Work required
Print out the data below in full and exactly, skipping the pictures.

Data excerpt
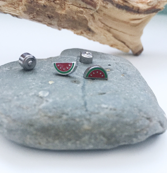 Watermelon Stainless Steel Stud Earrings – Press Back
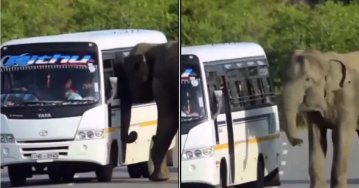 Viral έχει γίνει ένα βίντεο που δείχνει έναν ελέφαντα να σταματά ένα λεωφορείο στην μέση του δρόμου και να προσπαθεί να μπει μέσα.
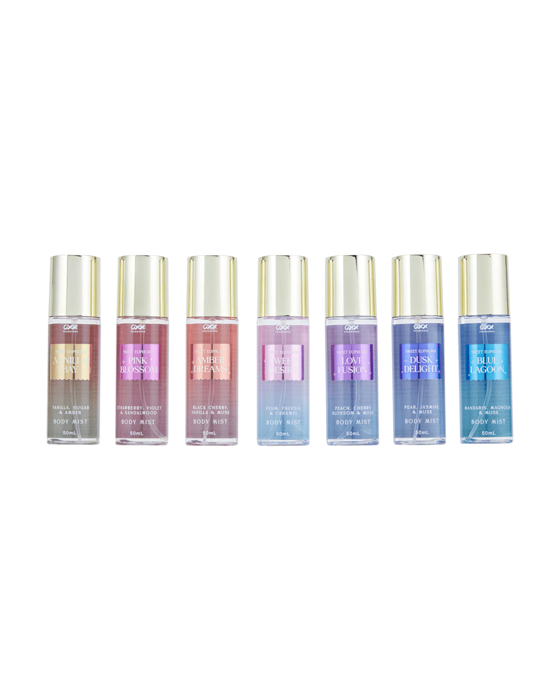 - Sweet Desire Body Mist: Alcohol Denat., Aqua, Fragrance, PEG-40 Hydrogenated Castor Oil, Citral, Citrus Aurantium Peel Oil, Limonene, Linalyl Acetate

Reply
 Watermelon Stainless Steel Stud Earrings – Press Back
 Viral έχει γίνει ένα βίντεο που δείχνει έναν ελέφαντα να σταματά ένα λεωφορείο στην μέση του δρόμου και να προσπαθεί να μπει μέσα.
 - Sweet Desire Body Mist: Alcohol Denat., Aqua, Fragrance, PEG-40 Hydrogenated Castor Oil, Citral, Citrus Aurantium Peel Oil, Limonene, Linalyl Acetate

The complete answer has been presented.